AI Weekly Rundown (July 8 to July 14)

News from Google, OpenAI, Anthropic, Microsoft, Stable Diffussion and more.

Jul 15, 2023

Hello, Engineering Leaders and AI Enthusiasts,

Another eventful week in the AI realm. Lots of big news from huge enterprises.

In today’s edition:

✅ Google & Microsoft battle to lead healthcare AI
✅ The impact of poisoning LLM supply chains
✅ How language models use long contexts
✅ AI can now send Bitcoins!
✅ Google & Stanford researchers use LLMs to solve Robotics challenges
✅ RLTF improves LLMs for Code generation
✅ Anthropic’s new Claude 2 rivals ChatGPT & Google Bard
✅ gpt-prompt-engineer takes AI to heights
✅ Elon Musk launches xAI to rival OpenAI
✅ Google introduces AI-powered NotebookLM & Bard updates
✅ Objaverse-XL's 10M+ dataset set to revolutionize AI in 3D
✅ Meta plans to dethrone OpenAI and Google
✅ OpenAI enters partnership to make ChatGPT smarter
✅ Stable Doodle: Next chapter in AI art

Let’s go!

Google & Microsoft battle to lead healthcare AI

Reportedly, Google’s Med-PaLM 2 (an LLM for the medical domain) has been in testing at the Mayo Clinic research hospital. In April, Google announced its limited access for select Google Cloud customers to explore use cases and share feedback to investigate safe, responsible, and meaningful ways to use it.

Meanwhile, Google’s rivals moved quickly to incorporate AI advances into patient interactions. Hospitals are beginning to test OpenAI’s GPT algorithms through Microsoft’s cloud service in several tasks. Google’s Med-PaLM 2 and OpenAI’s GPT-4 each scored similarly on medical exam questions, according to independent research released by the companies.

Source

The impact of poisoning LLM supply chains

LLMs are gaining massive recognition worldwide. However, no existing solution exists to determine the data and algorithms used during the model’s training. In an attempt to showcase the impact of this, Mithril Security undertook an educational project— PoisonGPT— aimed at showing the dangers of poisoning LLM supply chains.

It shows how one can surgically modify an open-source model and upload it to Hugging Face to make it spread misinformation while being undetected by standard benchmarks.

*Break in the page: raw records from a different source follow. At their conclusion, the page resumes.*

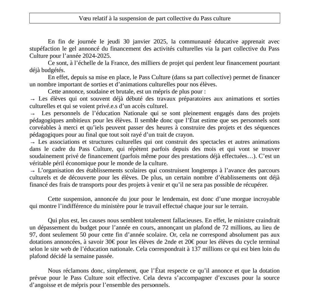 Vous êtes ici : Accueil actu des établissements Seine-Saint-Denis Motion contre le gel du Pass culture 9 février 2025 actu des établissements Motion contre le gel du Pass culture Faites voter cette motion dans tous les CA d’établissement du 93 !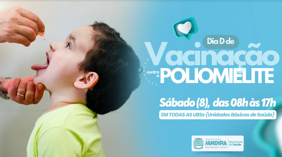 Neste sábado (08), a Prefeitura de Jandira realizará o Dia D de Vacinação contra a Poliomielite. O imunizante está disponível para todas as crianças de até cinco anos. Basta o (a) responsável comparecer à UBS (Unidade Básica de Saúde) mais próxima da residência, das 08h às 17h, com documento oficial e caderneta de vacinação.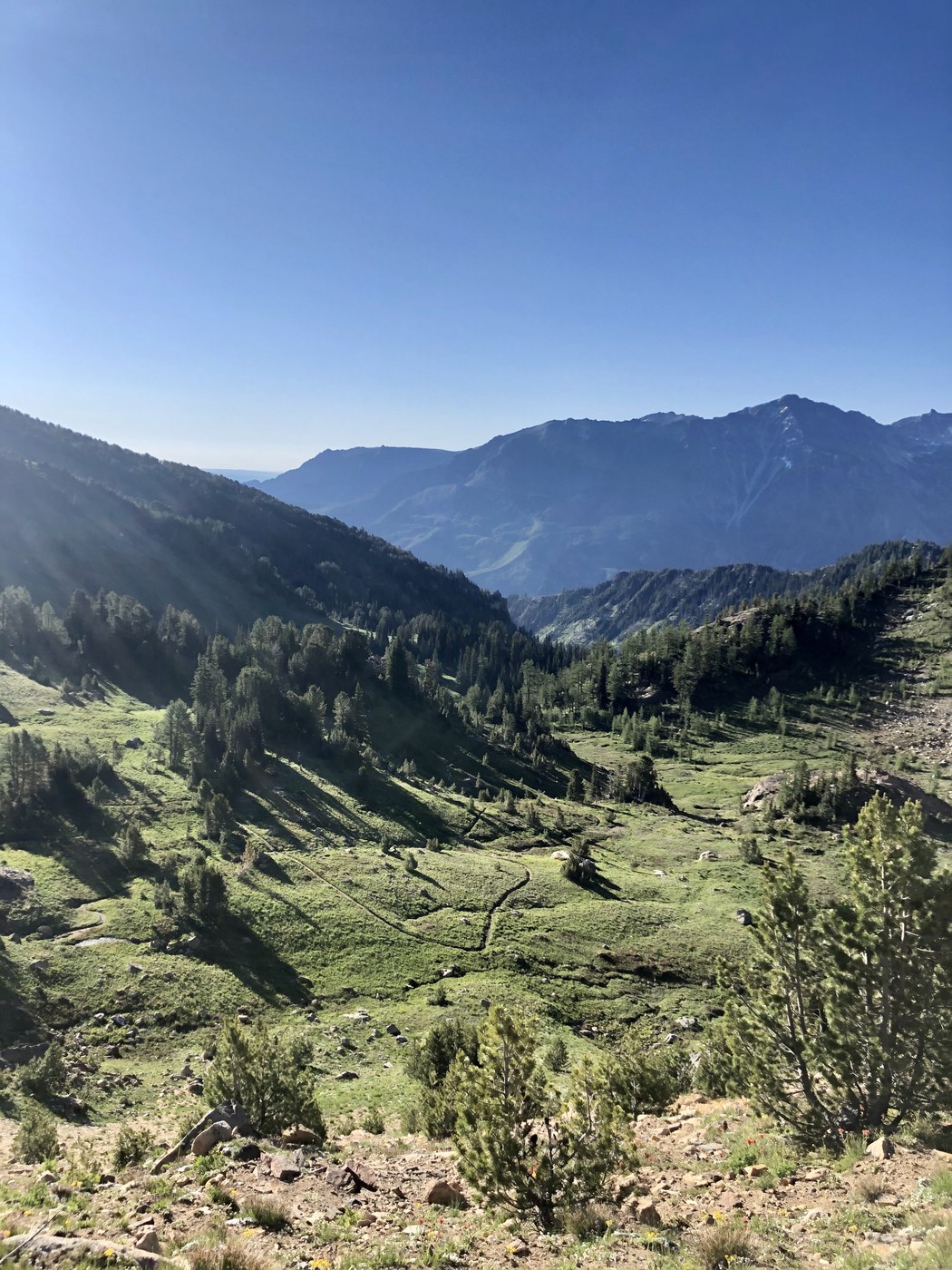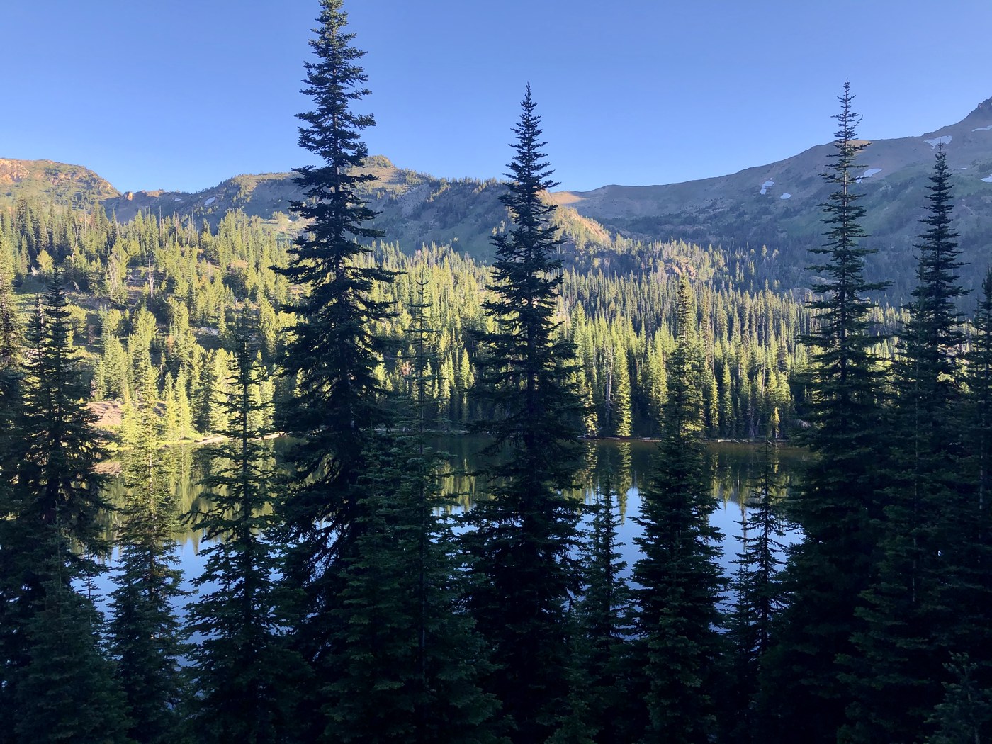 The trail to Lake Caroline spurs north near Little Eightmile Lake and ascends through many downed and burned trees. Indian Paintbrush is in full bloom and the early morning dawn was a perfect temperature to combat the first of four big climbs of the day. Right before the descent to Lake Caroline, the trail enters a much more vegetative area; tree canopies made it a bit darker to see than the previous exposed section.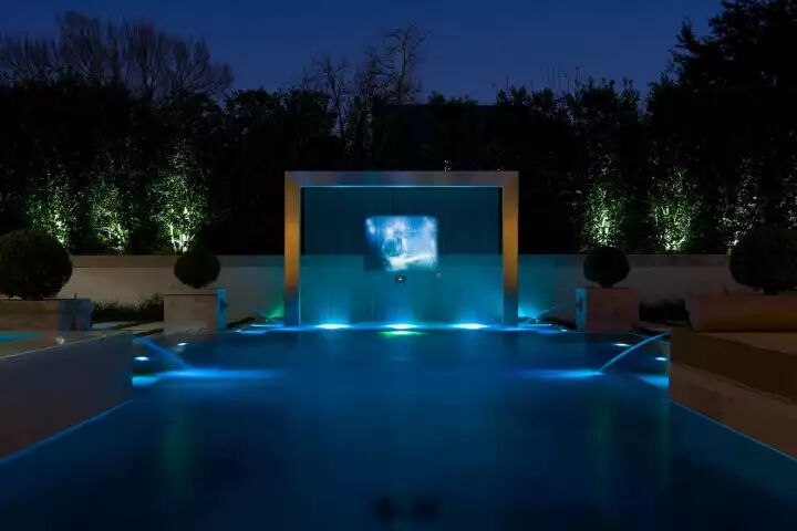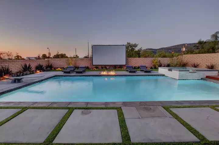 家庭影院不再局限于室内。一些很酷的土豪已经把他们的后院重新改建成私人的户外泳池影院。这些后庭电影院造就了一个很棒的活动场地,在星光的映衬下,人们可以在此欣赏电影或观看球赛。

Mithril Security is also working on AICert, a solution to trace models back to their training algorithms and datasets which will be launched soon.

Source

How language models use long contexts

LLM vendors are fiercely competing to claim the title of having the biggest context window. Recently, Anthropic made headlines for expanding Claude’s context window from 100K tokens. But does a bigger context window always lead to better results?

New research finds significant insights as well as limitations related to large contexts. It reveals that

Language models often struggle to use information in the middle of long input contexts
Their performance decreases as the input context grows longer
The performance is often highest when relevant information occurs at the beginning or end of the input context

Source

AI can now send Bitcoins!

The recent introduction of AI tools by Lightning Labs allows AI applications to hold, send, and receive Bitcoin. The tools leverage Lightning Network, a second-layer payment network for faster and cheaper Bitcoin transactions. By integrating high-volume Bitcoin micropayments with popular AI software libraries like LangChain, Lightning Labs addresses the lack of a native Internet-based payment mechanism for AI platforms.

Source

Google & Stanford researchers use LLMs to solve Robotics challenges

Recent research has found that pre-trained LLMs can complete complex token sequences, including those generated by probabilistic context-free grammars (PCFG) and ASCII art prompts. The study explores how these zero-shot capabilities can be applied to robotics problems, such as extrapolating sequences of numbers to complete simple motions and prompting reward-conditioned trajectories to discover and represent closed-loop policies.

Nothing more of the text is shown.